BUTT had sexy snapshots of scruffy average dudes rather than the perfectly manicured models often found in gay publications (and porn). The mag only came out quarterly and featured interviews with gay artists and short prose pieces alongside its sexy pictorials

Now, seven years after the final issue of BUTT magazine, British artist Ian Giles explores the magazine’s cultural impact in a 34-minute film called After BUTT. This BUTT magazine documentary is now showing in London’s Chelsea Space.

Dutch publishers Gert Jonkers and Jop van Bennekom started BUTT magazine from a small basement office in Amsterdam because they wanted a more authentic and grittier representation of gay men. After launching the mag, a collection of various publishers, editors and writers came to work for the magazine and its website.

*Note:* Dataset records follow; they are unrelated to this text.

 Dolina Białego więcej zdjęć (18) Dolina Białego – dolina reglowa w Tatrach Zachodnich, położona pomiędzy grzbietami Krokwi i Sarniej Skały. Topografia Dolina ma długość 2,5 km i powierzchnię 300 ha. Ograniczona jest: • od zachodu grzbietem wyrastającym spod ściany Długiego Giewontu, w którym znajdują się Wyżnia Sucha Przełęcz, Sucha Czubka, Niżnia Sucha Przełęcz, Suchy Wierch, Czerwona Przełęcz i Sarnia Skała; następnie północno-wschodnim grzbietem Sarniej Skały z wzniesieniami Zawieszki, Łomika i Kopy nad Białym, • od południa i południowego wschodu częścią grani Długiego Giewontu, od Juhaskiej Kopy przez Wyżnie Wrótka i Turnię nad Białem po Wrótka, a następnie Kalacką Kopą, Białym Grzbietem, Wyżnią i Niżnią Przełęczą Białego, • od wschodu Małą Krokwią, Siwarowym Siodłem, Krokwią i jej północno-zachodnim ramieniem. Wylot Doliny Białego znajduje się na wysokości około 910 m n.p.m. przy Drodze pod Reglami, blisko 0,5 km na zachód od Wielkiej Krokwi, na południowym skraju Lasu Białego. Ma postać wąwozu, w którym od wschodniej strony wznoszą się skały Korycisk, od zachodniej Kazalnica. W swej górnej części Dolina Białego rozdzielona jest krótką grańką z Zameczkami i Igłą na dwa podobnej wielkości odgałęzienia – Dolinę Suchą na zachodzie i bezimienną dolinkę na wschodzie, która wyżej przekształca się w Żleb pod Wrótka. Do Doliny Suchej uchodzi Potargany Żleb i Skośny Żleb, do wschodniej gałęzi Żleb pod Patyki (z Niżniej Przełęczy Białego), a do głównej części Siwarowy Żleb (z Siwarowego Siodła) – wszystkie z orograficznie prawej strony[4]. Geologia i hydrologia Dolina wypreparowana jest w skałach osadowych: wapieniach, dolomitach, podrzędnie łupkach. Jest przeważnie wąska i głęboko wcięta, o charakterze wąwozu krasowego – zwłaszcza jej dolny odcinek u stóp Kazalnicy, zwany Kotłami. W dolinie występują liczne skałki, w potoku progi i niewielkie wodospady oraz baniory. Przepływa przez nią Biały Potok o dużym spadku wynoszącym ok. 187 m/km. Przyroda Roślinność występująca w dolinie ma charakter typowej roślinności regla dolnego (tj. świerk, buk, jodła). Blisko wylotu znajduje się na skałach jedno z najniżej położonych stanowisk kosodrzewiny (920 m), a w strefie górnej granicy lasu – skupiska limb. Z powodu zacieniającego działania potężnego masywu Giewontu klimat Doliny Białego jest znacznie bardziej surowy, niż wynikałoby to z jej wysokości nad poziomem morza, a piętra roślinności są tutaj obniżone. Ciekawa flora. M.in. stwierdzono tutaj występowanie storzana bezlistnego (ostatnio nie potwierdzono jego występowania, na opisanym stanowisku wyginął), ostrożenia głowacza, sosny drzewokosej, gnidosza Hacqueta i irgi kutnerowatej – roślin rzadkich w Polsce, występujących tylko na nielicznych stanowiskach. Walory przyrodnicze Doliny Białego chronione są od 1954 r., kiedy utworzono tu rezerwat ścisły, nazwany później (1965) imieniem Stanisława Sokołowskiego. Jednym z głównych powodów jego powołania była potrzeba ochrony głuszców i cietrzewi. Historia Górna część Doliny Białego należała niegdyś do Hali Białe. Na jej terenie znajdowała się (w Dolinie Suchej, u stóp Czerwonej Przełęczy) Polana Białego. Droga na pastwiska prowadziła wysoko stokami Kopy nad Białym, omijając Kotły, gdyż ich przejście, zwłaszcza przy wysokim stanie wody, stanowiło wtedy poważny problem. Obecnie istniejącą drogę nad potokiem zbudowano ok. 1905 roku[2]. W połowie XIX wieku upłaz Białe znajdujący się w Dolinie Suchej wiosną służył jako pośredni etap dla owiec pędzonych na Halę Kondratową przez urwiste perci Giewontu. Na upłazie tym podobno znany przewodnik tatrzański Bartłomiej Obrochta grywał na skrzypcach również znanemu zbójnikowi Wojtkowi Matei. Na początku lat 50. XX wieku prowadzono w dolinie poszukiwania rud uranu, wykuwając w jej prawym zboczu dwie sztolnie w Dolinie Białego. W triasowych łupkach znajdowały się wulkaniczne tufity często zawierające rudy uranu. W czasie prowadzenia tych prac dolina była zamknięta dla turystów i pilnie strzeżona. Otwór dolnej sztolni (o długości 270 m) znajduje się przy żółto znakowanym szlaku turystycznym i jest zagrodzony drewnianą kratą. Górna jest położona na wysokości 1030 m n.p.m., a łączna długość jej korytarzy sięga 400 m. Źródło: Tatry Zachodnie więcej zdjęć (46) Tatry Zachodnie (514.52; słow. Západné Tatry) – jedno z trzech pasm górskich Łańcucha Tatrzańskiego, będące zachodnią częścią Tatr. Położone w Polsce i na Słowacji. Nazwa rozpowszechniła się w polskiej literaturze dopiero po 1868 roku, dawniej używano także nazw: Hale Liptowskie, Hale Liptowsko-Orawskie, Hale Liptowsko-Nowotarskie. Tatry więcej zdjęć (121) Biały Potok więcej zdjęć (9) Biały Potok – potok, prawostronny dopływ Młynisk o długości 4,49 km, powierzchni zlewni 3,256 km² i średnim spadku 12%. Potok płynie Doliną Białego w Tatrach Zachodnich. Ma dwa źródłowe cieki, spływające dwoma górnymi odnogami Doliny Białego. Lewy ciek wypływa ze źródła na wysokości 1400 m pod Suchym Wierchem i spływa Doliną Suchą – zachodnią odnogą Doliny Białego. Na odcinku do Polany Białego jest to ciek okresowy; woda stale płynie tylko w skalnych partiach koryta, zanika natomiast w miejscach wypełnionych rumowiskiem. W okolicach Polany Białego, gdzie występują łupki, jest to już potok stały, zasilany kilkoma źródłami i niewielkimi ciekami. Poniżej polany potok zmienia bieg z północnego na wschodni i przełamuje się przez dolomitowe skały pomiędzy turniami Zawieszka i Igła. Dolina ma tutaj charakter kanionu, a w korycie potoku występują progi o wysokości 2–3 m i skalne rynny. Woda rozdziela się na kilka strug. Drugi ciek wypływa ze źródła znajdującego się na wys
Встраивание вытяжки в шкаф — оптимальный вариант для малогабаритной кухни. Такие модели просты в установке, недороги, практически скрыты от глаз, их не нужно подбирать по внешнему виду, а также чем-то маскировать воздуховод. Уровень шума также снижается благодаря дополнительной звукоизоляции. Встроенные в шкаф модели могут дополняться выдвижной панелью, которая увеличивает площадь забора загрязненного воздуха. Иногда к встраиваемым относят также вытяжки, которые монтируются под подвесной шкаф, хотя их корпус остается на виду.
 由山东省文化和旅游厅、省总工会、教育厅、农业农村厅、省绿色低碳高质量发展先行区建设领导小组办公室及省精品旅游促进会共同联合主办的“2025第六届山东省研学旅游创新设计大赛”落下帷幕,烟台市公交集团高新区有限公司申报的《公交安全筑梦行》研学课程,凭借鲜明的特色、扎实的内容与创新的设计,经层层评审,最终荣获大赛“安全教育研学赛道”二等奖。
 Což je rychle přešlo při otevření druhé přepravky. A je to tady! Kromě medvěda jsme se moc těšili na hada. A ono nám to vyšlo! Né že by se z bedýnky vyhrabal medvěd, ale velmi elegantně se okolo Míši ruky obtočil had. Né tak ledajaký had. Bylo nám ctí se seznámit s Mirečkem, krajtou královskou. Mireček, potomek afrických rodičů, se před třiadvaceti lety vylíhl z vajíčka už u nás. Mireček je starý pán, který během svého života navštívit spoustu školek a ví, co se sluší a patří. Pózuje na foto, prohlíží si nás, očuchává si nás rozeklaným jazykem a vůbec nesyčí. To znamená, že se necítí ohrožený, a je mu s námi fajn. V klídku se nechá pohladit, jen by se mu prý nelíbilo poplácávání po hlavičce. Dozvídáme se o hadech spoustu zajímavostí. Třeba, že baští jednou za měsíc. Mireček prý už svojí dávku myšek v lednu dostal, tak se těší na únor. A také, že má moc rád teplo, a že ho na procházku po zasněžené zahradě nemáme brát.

Giles interviewed the contributors (now in their late 40s / early 50s) about why they worked for BUTT magazine, its cultural aims and even criticisms over BUTT‘s lack of queer representation and diversity. He then assembled their responses into a script and had that script recited by 20-something-year-old actors in a group conversation setting. He filmed that and basically made a BUTT magazine documentary.

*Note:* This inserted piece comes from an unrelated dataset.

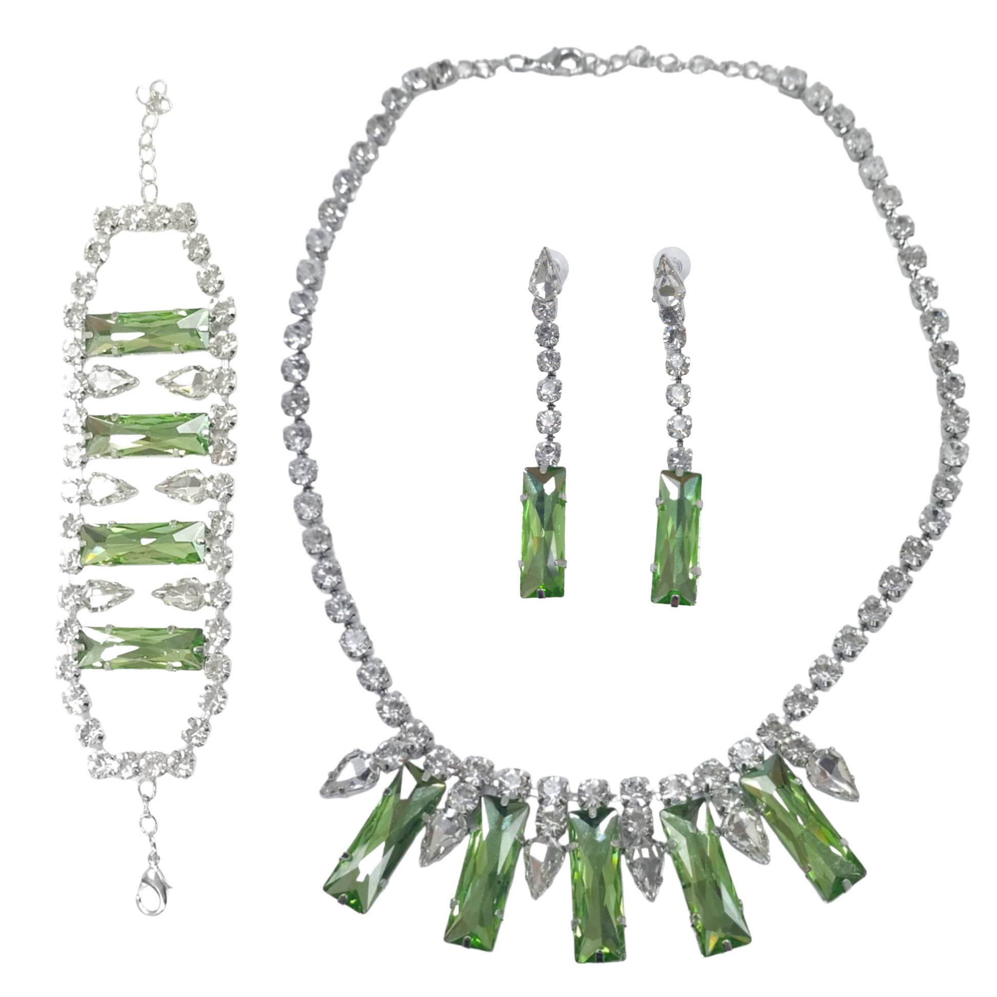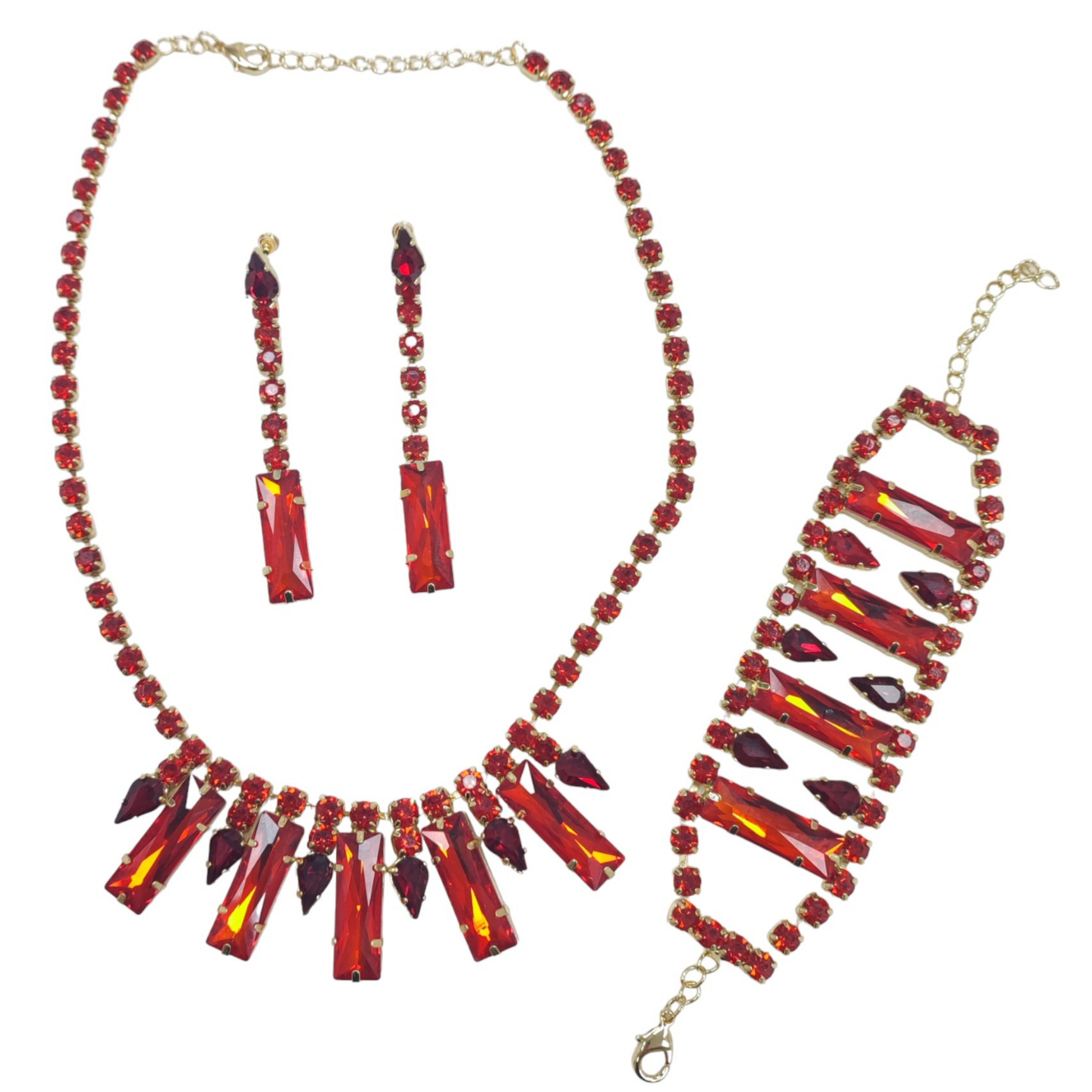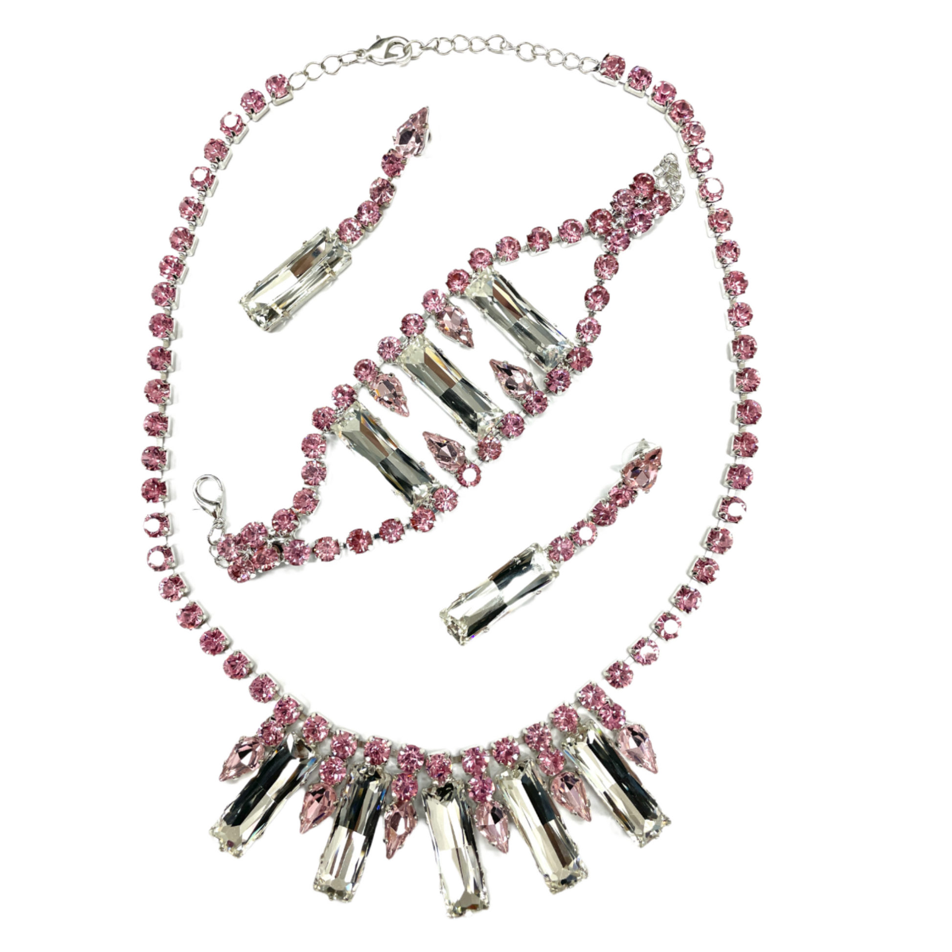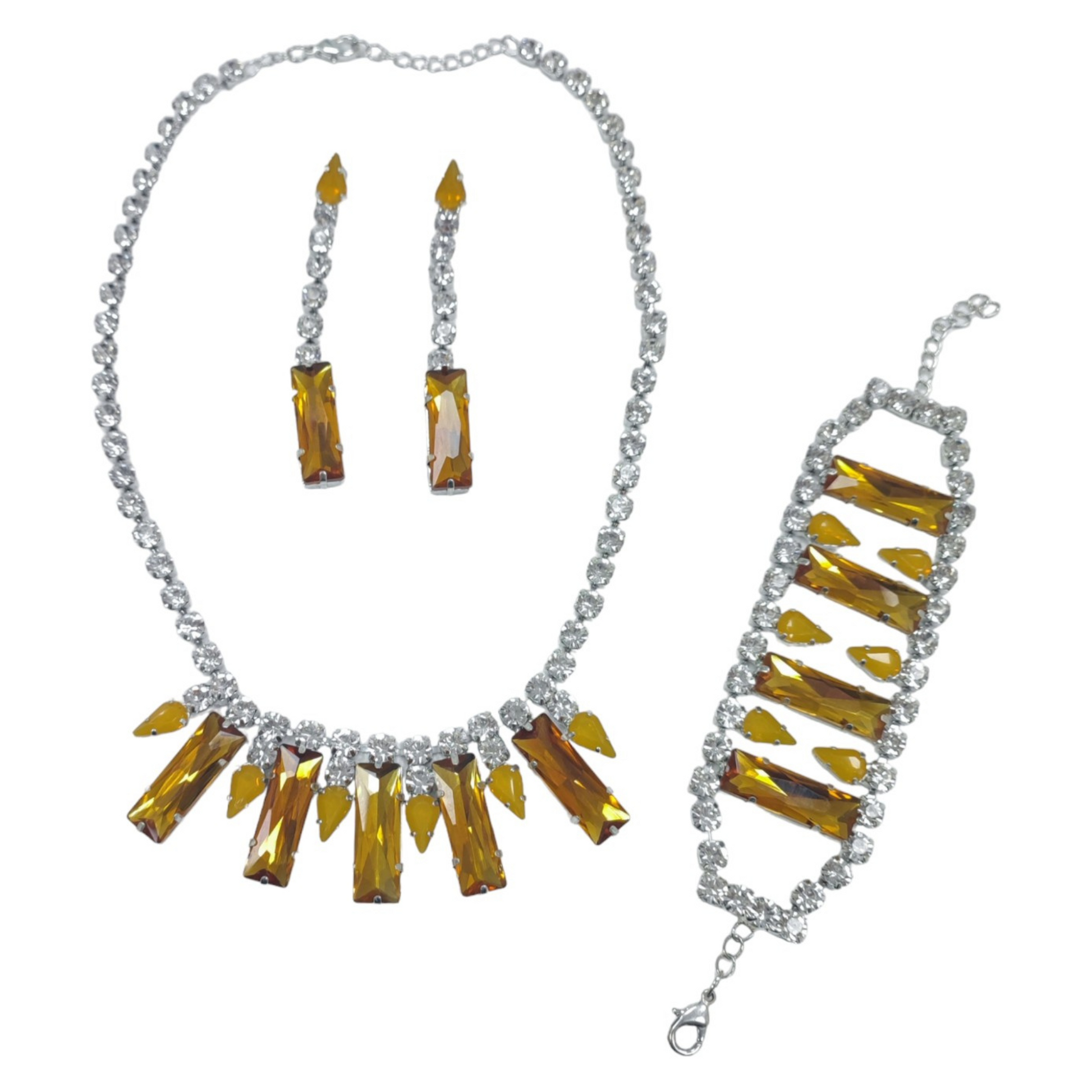 Il modello di bracciale, collier orecchini Nisida presenta pietre strass ambra e crystal.

An image still from ‘After BUTT’

Giles says, “I choose to work with guys in their 20s because I wanted a generational shift. … I wanted to transfer narratives between generations.” Put another way, younger gay men may not remember BUTT magazine. Younger guys discussing the mag might interest younger viewers to consider BUTT and its relevance to modern gay life.

Jonkers and van Bennekom stopped publishing the magazine around 2011 because they felt cultural shifts — like “the spread of Photoshop and hipster culture, “the rise of social media” and “the proliferation of porn on Tumblr” — had helped answer many of the questions the publication originally sought answers to.

A sample pictorial from BUTT magazine

The magazine’s blog remains archived online (though it hasn’t been updated since January 2016) as does the CLUB BUTT section, comprised of profiles of the mag’s international readers.